Re: why I don't like named graph IRIs in the DATASET proposal

Eric,

On 2 Oct 2011, at 14:15, Eric Prud'hommeaux wrote:
>> It matters if Bob claims that all vegetarians are geniuses.
>> 
>> You'll have to carefully filter Bob's graph in order to remove anything of that sort before you can pass it to your inference engine. That's my point: you have to make trust decisions *before* you can do OWL reasoning.
> 
> Given:
>  I believe Bob to be an authority about whether he's a vegitarian.
>  I don't believe Bob to be an authority about whether he's a genius.
>  Bob (being a genius) can come up with many tricky ways to imply that he's a vegetarian or a genius.
> 
> I can sanitize Bobs homepage before inferencing to remove things like:
>  <Bob> a <Genius> .
>  <Bob> a <Foo> . <Foo> rdfs:subClassOf <Genius> .
>  <Bob> <bar> <Foo> . <bar> rdfs:subPropertyOf rdf:type . <Foo> rdfs:subClassOf <Genius> .
>  <Genius> owl:equivalentClass  [ a owl:Restriction ; owl:onProperty rdf:type ; owl:hasValue <Vegetarian> ] .
>  ...
> The simplest tool to use is a reasoner which generates complete evidence for every inference.

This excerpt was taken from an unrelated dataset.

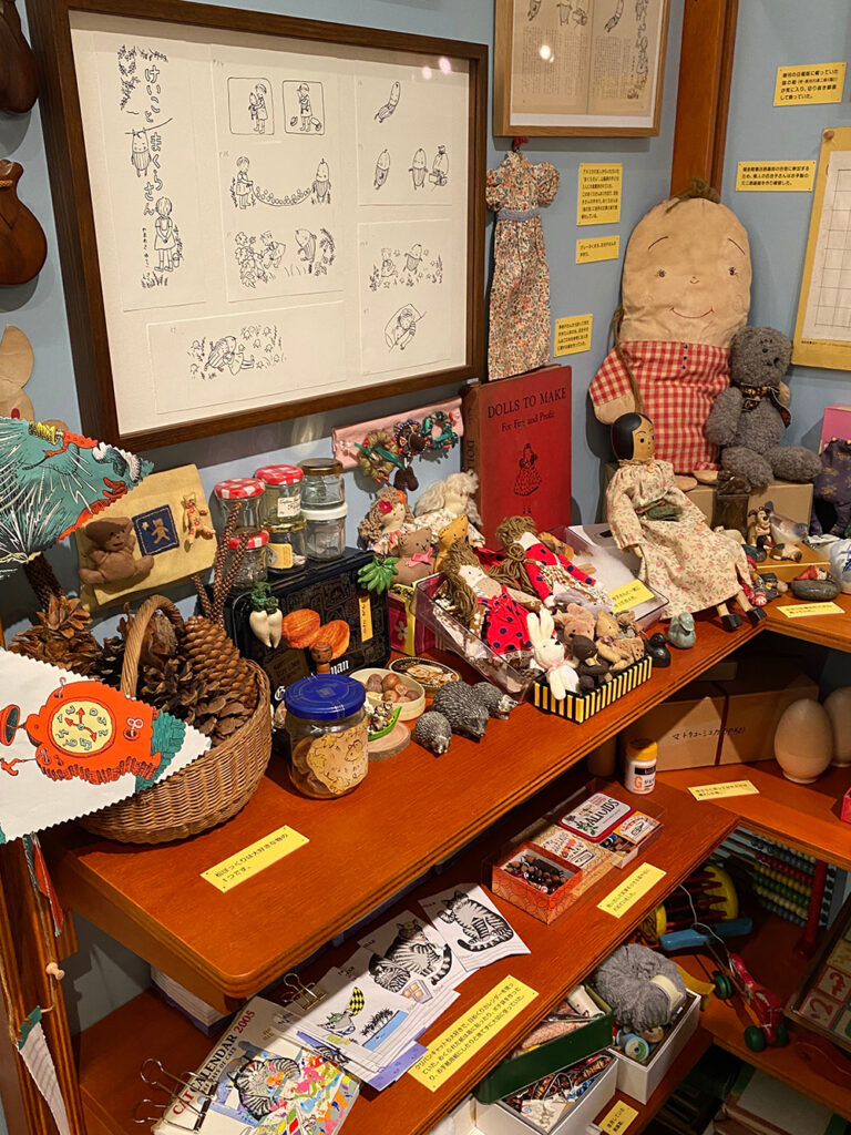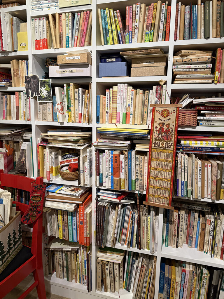 こちらは山脇さんの愛読書が詰まった本棚。児童文学作品や詩集、昔話集、ご自身が翻訳を手掛けた作品も。絵はがきやカレンダー、バターの缶(?)なども。愛着を抱いたたくさんのものに、山脇さんはいつもかこまれていたのですね。

That is neither the simplest tool, nor is it something that's in the OWL standard.

> I can then carefully attempt to remove the parts of Bob's homepage graph which led me to conclusions about <Genius>s without disturbing the ones that led me to conclusions about <Vegetarian>s. Given that this is a *hard* problem, I think my confidence goes sharply up if I let full inference happen on Bob's homepage but treat the inferential closure with the same predicated trust that I would his raw homepage.

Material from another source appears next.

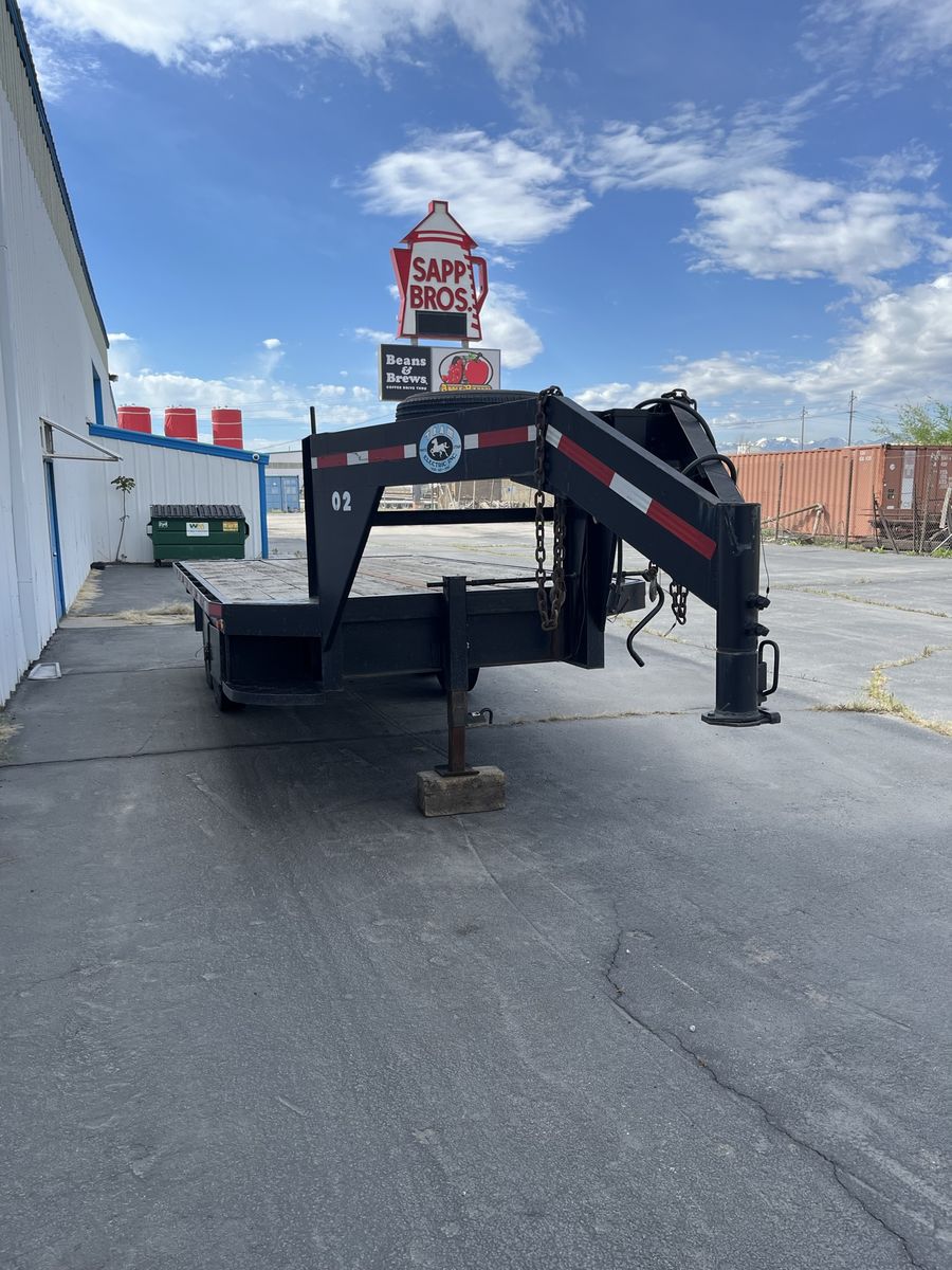16 foot Big Tex Brand gooseneck trailer. With built-in side, toolboxes, and rear step.

You'd have to treat the inferential closure with the *lowest* trust that you'd give to *any* of the sources involved in creating the inference closure.

OWL makes it trivial to assert things that affect *everything*, like {rdf:type a owl:InverseFunctionalProperty.}.

So all it takes is *one* stupid or malicious source, and *all* inference closures are polluted and become useless.

At that point you have to go back and do the trust filtering – exclude the source, or remove the malicious/broken statements.

Those who develop large-scale OWL reasoners for untrusted data often use some variation of “I don't trust anyone to make T-Box statements about IRIs they don't own”:
http://sw.deri.org/~aidanh/docs/saor_billiontc08.pdf
http://renaud.delbru.fr/doc/pub/rr2011-sindice.pdf

The point is that an inference closure that might have been generated using malicious or broken statements cannot be trusted at all, even if I know that some of the sources are perfectly trustworthy. This is different from, say, SPARQL, where data of different quality can coexist in the same RDF dataset without affecting each other.

To return to our main topic: This is why owl:sameAs on graph names should not change a dataset.

Best,
Richard

Received on Sunday, 2 October 2011 14:26:23 UTC